Task statement
For the entries below, print exactly the lines between the line holding "1. ______(A. Hello/B." and the line holding "El director general", inclusive, and nothing else.

Source material Block Start

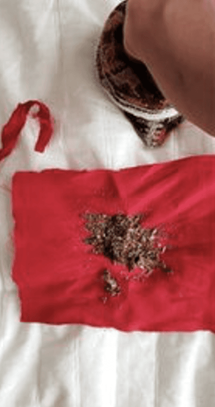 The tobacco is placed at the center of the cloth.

Source material Block End
Source material Block Start

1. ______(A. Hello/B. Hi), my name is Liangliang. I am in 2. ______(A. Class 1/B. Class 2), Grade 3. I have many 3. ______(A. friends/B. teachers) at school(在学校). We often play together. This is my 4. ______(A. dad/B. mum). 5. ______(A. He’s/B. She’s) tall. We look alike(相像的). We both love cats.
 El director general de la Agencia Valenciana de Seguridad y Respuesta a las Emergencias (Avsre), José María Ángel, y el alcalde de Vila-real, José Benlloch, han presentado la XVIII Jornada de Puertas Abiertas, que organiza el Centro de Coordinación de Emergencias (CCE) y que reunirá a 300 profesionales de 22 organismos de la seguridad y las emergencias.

Source material Block End

Reply to the task
1. ______(A. Hello/B. Hi), my name is Liangliang. I am in 2. ______(A. Class 1/B. Class 2), Grade 3. I have many 3. ______(A. friends/B. teachers) at school(在学校). We often play together. This is my 4. ______(A. dad/B. mum). 5. ______(A. He’s/B. She’s) tall. We look alike(相像的). We both love cats.
 El director general de la Agencia Valenciana de Seguridad y Respuesta a las Emergencias (Avsre), José María Ángel, y el alcalde de Vila-real, José Benlloch, han presentado la XVIII Jornada de Puertas Abiertas, que organiza el Centro de Coordinación de Emergencias (CCE) y que reunirá a 300 profesionales de 22 organismos de la seguridad y las emergencias.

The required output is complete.